*** Exercise data ***
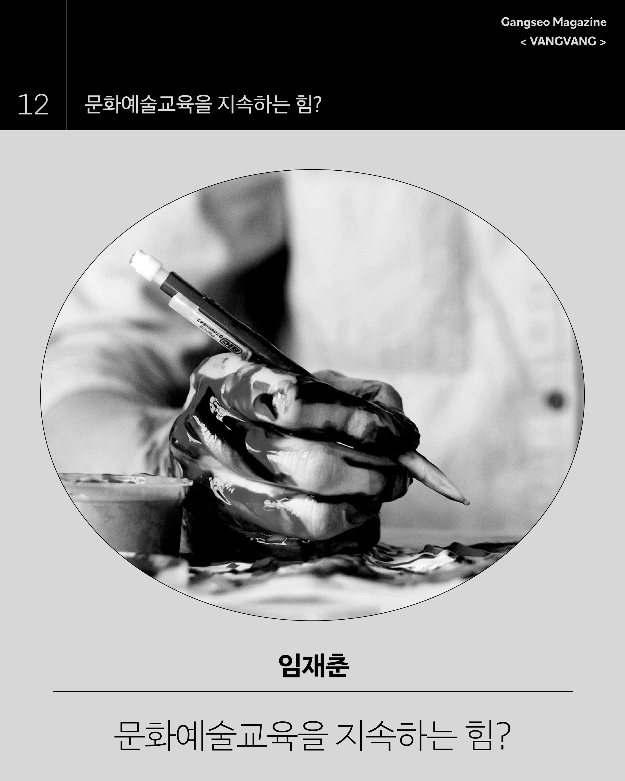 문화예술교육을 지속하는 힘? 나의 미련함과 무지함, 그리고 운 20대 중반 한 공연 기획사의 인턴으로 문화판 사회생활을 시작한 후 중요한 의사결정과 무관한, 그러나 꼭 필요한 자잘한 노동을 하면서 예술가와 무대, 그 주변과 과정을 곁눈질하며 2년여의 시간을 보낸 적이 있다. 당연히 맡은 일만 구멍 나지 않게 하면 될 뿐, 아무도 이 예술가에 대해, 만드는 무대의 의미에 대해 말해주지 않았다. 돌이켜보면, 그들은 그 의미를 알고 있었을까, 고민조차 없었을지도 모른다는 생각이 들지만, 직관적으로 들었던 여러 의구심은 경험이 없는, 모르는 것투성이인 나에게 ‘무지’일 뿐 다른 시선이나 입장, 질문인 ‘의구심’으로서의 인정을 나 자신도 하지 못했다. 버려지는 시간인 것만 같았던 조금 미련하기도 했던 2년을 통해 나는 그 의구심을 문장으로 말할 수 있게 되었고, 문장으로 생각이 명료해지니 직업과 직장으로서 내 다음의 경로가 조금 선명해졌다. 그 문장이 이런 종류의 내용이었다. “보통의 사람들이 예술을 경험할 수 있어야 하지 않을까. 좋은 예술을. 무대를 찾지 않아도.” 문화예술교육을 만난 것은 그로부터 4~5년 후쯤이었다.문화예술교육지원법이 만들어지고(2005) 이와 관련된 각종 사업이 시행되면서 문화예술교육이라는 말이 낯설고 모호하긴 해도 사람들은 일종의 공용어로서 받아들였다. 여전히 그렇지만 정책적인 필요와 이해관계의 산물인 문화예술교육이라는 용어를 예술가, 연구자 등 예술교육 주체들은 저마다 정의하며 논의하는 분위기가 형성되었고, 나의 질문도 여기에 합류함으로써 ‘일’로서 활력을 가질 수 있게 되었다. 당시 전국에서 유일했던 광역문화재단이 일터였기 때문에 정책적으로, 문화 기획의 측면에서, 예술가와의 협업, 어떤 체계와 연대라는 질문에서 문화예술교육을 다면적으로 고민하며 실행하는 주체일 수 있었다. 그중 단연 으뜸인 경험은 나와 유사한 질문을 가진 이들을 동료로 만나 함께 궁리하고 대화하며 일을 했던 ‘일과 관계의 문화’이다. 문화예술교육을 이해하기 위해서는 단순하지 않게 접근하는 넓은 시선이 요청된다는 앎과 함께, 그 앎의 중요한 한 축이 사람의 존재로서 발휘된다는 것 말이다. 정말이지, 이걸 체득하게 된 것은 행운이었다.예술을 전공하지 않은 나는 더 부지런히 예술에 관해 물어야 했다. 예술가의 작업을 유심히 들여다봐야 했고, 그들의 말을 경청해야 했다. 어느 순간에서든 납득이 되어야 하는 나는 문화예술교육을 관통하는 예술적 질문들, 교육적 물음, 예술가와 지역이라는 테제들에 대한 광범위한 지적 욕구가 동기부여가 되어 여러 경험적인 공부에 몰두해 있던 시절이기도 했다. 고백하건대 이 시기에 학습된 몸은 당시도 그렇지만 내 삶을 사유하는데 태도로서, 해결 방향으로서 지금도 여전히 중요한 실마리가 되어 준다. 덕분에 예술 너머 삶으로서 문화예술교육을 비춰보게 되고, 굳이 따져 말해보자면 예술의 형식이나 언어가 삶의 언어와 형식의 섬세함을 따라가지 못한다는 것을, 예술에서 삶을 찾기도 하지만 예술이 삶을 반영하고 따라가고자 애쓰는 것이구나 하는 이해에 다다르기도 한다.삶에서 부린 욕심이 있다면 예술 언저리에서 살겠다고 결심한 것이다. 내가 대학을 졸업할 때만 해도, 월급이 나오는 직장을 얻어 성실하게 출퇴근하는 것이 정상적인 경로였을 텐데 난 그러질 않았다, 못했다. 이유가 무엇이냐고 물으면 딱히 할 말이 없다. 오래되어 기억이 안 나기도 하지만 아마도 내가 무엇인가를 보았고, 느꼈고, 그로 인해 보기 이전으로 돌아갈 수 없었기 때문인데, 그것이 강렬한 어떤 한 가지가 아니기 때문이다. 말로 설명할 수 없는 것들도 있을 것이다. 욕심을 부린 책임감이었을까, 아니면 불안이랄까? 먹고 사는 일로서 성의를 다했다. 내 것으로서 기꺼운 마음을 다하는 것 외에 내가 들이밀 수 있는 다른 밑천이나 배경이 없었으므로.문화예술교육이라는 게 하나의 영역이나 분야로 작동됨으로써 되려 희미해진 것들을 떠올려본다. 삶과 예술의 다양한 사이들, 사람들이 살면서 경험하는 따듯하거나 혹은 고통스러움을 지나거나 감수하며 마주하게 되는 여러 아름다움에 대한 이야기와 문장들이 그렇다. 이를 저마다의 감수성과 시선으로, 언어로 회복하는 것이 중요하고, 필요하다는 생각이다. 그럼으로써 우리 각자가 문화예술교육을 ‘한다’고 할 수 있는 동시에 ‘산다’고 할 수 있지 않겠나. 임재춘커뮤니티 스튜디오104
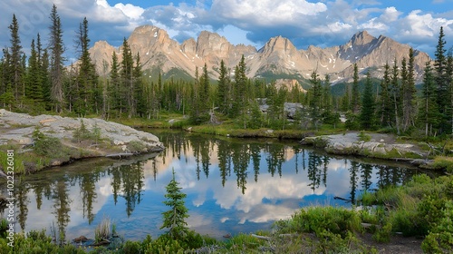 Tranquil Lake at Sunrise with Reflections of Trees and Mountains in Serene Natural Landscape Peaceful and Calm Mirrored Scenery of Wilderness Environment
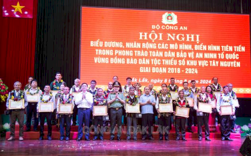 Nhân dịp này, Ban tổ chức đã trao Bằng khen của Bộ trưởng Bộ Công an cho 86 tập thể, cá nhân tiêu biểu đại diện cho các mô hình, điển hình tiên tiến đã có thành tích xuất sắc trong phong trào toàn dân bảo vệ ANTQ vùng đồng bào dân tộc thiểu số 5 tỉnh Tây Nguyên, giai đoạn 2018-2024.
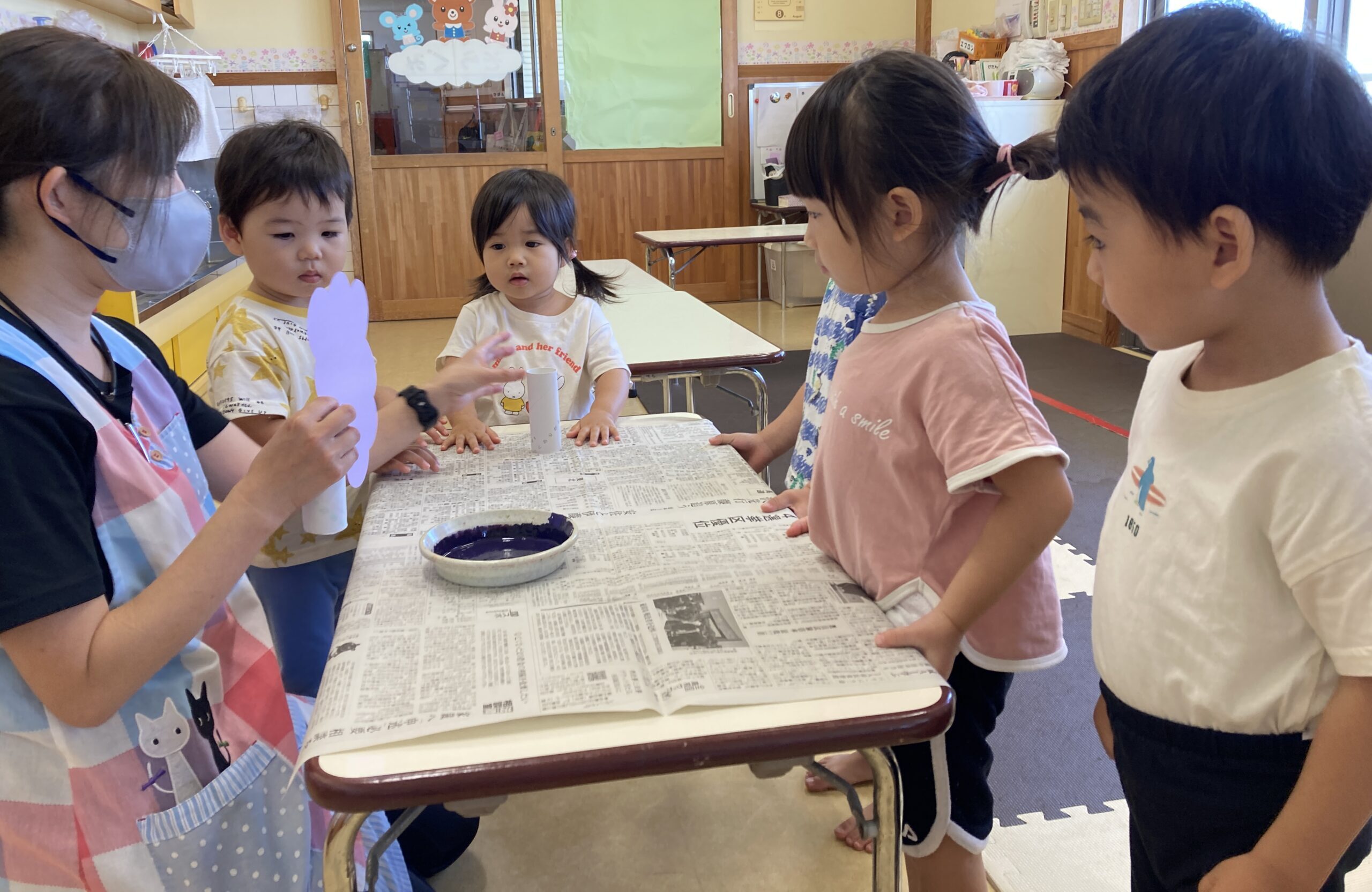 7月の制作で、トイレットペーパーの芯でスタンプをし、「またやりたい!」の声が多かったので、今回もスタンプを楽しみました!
***
What the task asks: Go through the material above and retype every line exactly, without the images.

Answer to the problem:
 문화예술교육을 지속하는 힘? 나의 미련함과 무지함, 그리고 운 20대 중반 한 공연 기획사의 인턴으로 문화판 사회생활을 시작한 후 중요한 의사결정과 무관한, 그러나 꼭 필요한 자잘한 노동을 하면서 예술가와 무대, 그 주변과 과정을 곁눈질하며 2년여의 시간을 보낸 적이 있다. 당연히 맡은 일만 구멍 나지 않게 하면 될 뿐, 아무도 이 예술가에 대해, 만드는 무대의 의미에 대해 말해주지 않았다. 돌이켜보면, 그들은 그 의미를 알고 있었을까, 고민조차 없었을지도 모른다는 생각이 들지만, 직관적으로 들었던 여러 의구심은 경험이 없는, 모르는 것투성이인 나에게 ‘무지’일 뿐 다른 시선이나 입장, 질문인 ‘의구심’으로서의 인정을 나 자신도 하지 못했다. 버려지는 시간인 것만 같았던 조금 미련하기도 했던 2년을 통해 나는 그 의구심을 문장으로 말할 수 있게 되었고, 문장으로 생각이 명료해지니 직업과 직장으로서 내 다음의 경로가 조금 선명해졌다. 그 문장이 이런 종류의 내용이었다. “보통의 사람들이 예술을 경험할 수 있어야 하지 않을까. 좋은 예술을. 무대를 찾지 않아도.” 문화예술교육을 만난 것은 그로부터 4~5년 후쯤이었다.문화예술교육지원법이 만들어지고(2005) 이와 관련된 각종 사업이 시행되면서 문화예술교육이라는 말이 낯설고 모호하긴 해도 사람들은 일종의 공용어로서 받아들였다. 여전히 그렇지만 정책적인 필요와 이해관계의 산물인 문화예술교육이라는 용어를 예술가, 연구자 등 예술교육 주체들은 저마다 정의하며 논의하는 분위기가 형성되었고, 나의 질문도 여기에 합류함으로써 ‘일’로서 활력을 가질 수 있게 되었다. 당시 전국에서 유일했던 광역문화재단이 일터였기 때문에 정책적으로, 문화 기획의 측면에서, 예술가와의 협업, 어떤 체계와 연대라는 질문에서 문화예술교육을 다면적으로 고민하며 실행하는 주체일 수 있었다. 그중 단연 으뜸인 경험은 나와 유사한 질문을 가진 이들을 동료로 만나 함께 궁리하고 대화하며 일을 했던 ‘일과 관계의 문화’이다. 문화예술교육을 이해하기 위해서는 단순하지 않게 접근하는 넓은 시선이 요청된다는 앎과 함께, 그 앎의 중요한 한 축이 사람의 존재로서 발휘된다는 것 말이다. 정말이지, 이걸 체득하게 된 것은 행운이었다.예술을 전공하지 않은 나는 더 부지런히 예술에 관해 물어야 했다. 예술가의 작업을 유심히 들여다봐야 했고, 그들의 말을 경청해야 했다. 어느 순간에서든 납득이 되어야 하는 나는 문화예술교육을 관통하는 예술적 질문들, 교육적 물음, 예술가와 지역이라는 테제들에 대한 광범위한 지적 욕구가 동기부여가 되어 여러 경험적인 공부에 몰두해 있던 시절이기도 했다. 고백하건대 이 시기에 학습된 몸은 당시도 그렇지만 내 삶을 사유하는데 태도로서, 해결 방향으로서 지금도 여전히 중요한 실마리가 되어 준다. 덕분에 예술 너머 삶으로서 문화예술교육을 비춰보게 되고, 굳이 따져 말해보자면 예술의 형식이나 언어가 삶의 언어와 형식의 섬세함을 따라가지 못한다는 것을, 예술에서 삶을 찾기도 하지만 예술이 삶을 반영하고 따라가고자 애쓰는 것이구나 하는 이해에 다다르기도 한다.삶에서 부린 욕심이 있다면 예술 언저리에서 살겠다고 결심한 것이다. 내가 대학을 졸업할 때만 해도, 월급이 나오는 직장을 얻어 성실하게 출퇴근하는 것이 정상적인 경로였을 텐데 난 그러질 않았다, 못했다. 이유가 무엇이냐고 물으면 딱히 할 말이 없다. 오래되어 기억이 안 나기도 하지만 아마도 내가 무엇인가를 보았고, 느꼈고, 그로 인해 보기 이전으로 돌아갈 수 없었기 때문인데, 그것이 강렬한 어떤 한 가지가 아니기 때문이다. 말로 설명할 수 없는 것들도 있을 것이다. 욕심을 부린 책임감이었을까, 아니면 불안이랄까? 먹고 사는 일로서 성의를 다했다. 내 것으로서 기꺼운 마음을 다하는 것 외에 내가 들이밀 수 있는 다른 밑천이나 배경이 없었으므로.문화예술교육이라는 게 하나의 영역이나 분야로 작동됨으로써 되려 희미해진 것들을 떠올려본다. 삶과 예술의 다양한 사이들, 사람들이 살면서 경험하는 따듯하거나 혹은 고통스러움을 지나거나 감수하며 마주하게 되는 여러 아름다움에 대한 이야기와 문장들이 그렇다. 이를 저마다의 감수성과 시선으로, 언어로 회복하는 것이 중요하고, 필요하다는 생각이다. 그럼으로써 우리 각자가 문화예술교육을 ‘한다’고 할 수 있는 동시에 ‘산다’고 할 수 있지 않겠나. 임재춘커뮤니티 스튜디오104
 Tranquil Lake at Sunrise with Reflections of Trees and Mountains in Serene Natural Landscape Peaceful and Calm Mirrored Scenery of Wilderness Environment
 Nhân dịp này, Ban tổ chức đã trao Bằng khen của Bộ trưởng Bộ Công an cho 86 tập thể, cá nhân tiêu biểu đại diện cho các mô hình, điển hình tiên tiến đã có thành tích xuất sắc trong phong trào toàn dân bảo vệ ANTQ vùng đồng bào dân tộc thiểu số 5 tỉnh Tây Nguyên, giai đoạn 2018-2024.
 7月の制作で、トイレットペーパーの芯でスタンプをし、「またやりたい!」の声が多かったので、今回もスタンプを楽しみました!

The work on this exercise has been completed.